INSTRUCTIONS FOR THE TASK: I'd like the entries repeated exactly, without their pictures.
- - - - -
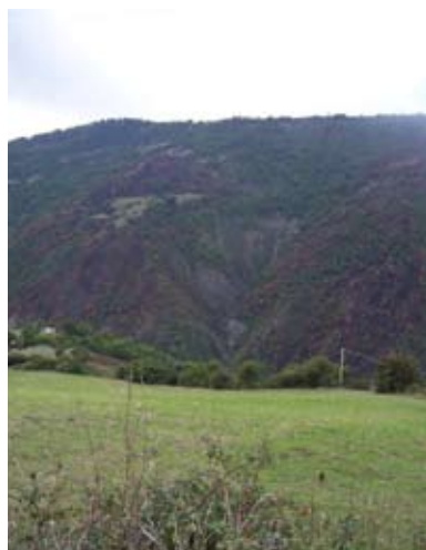
Manca di Mostarico

Non possiamo dimenticare i disastri provocati dagli incendi dello scorso anno, ma i piromani hanno cominciato già da questo mese di giugno 2018. Ora, ci sono i piromani di città e di campagna: come i topi. Ma i topi non sono dannosi come i brucia-boschi.
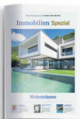
Immobilien 29. Oktober 2021
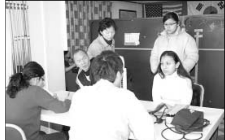
사회복지법인 라파엘클리닉은 2월17일 오전11시부터 살롱하우스에서 외국인 근로자를 대상으로 사랑의 의료 무료 봉사활동을 실시했다.

라파엘클리닉에서는 동두천시에서 지난해 10월부터 매월 첫째, 셋째 일요일을 정해서 의료 봉사활동을 전개하여 현재까지 150여명의 환자를 돌봐주고
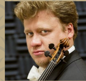
ANDREY BARANOV Violín

Conectaron con la esencia musical de las tierras que les vieron crecer y convirtieron sus obras en imanes para el público. Superaron adversidades, críticas y censuras; se refugiaron bajo los árboles y cantaron al mar y a la noche. Con maravillosos juegos modales de aroma rumano, Ligeti y Kodály, entre vivos contrastes. En el silencio de los bosques, Sibelius, con un violín de encanto infinito. Navegando por el río, tranquilo pero imparable, el bello Orawa de Wojciech Kilar.
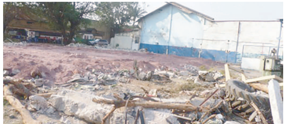
Les travaux de démolition engagés sur les lieux

Situé à Mpila, dans le 5 e arrondissement de Brazzaville, Ouenzé, en diagonale de la CFAO, le domaine abritant l'ancien atelier central de réparation de la Société nationale de distribution d'eau (SNDE) est en proie à des travaux de construction
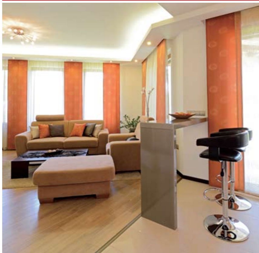
Az összenyitott, többfunkciós terek megkomponálásánál különösen fontos szerepe van a burkolatváltásoknak és az álmennyezeteknek
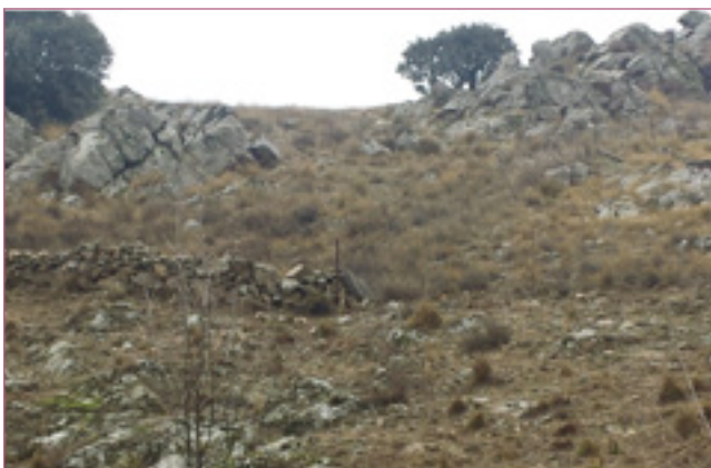
Ilustración 3. Palazuelos de Eresma 2018. Orilla derecha del río Eresma y por encima de la zona conocida como "Entreaguas". Granito y cercas de piedra.
- - - - -
RESPONSE TO THE TASK:
Manca di Mostarico

Non possiamo dimenticare i disastri provocati dagli incendi dello scorso anno, ma i piromani hanno cominciato già da questo mese di giugno 2018. Ora, ci sono i piromani di città e di campagna: come i topi. Ma i topi non sono dannosi come i brucia-boschi.
Immobilien 29. Oktober 2021
사회복지법인 라파엘클리닉은 2월17일 오전11시부터 살롱하우스에서 외국인 근로자를 대상으로 사랑의 의료 무료 봉사활동을 실시했다.

라파엘클리닉에서는 동두천시에서 지난해 10월부터 매월 첫째, 셋째 일요일을 정해서 의료 봉사활동을 전개하여 현재까지 150여명의 환자를 돌봐주고
ANDREY BARANOV Violín

Conectaron con la esencia musical de las tierras que les vieron crecer y convirtieron sus obras en imanes para el público. Superaron adversidades, críticas y censuras; se refugiaron bajo los árboles y cantaron al mar y a la noche. Con maravillosos juegos modales de aroma rumano, Ligeti y Kodály, entre vivos contrastes. En el silencio de los bosques, Sibelius, con un violín de encanto infinito. Navegando por el río, tranquilo pero imparable, el bello Orawa de Wojciech Kilar.
Les travaux de démolition engagés sur les lieux

Situé à Mpila, dans le 5 e arrondissement de Brazzaville, Ouenzé, en diagonale de la CFAO, le domaine abritant l'ancien atelier central de réparation de la Société nationale de distribution d'eau (SNDE) est en proie à des travaux de construction
Az összenyitott, többfunkciós terek megkomponálásánál különösen fontos szerepe van a burkolatváltásoknak és az álmennyezeteknek
Ilustración 3. Palazuelos de Eresma 2018. Orilla derecha del río Eresma y por encima de la zona conocida como "Entreaguas". Granito y cercas de piedra.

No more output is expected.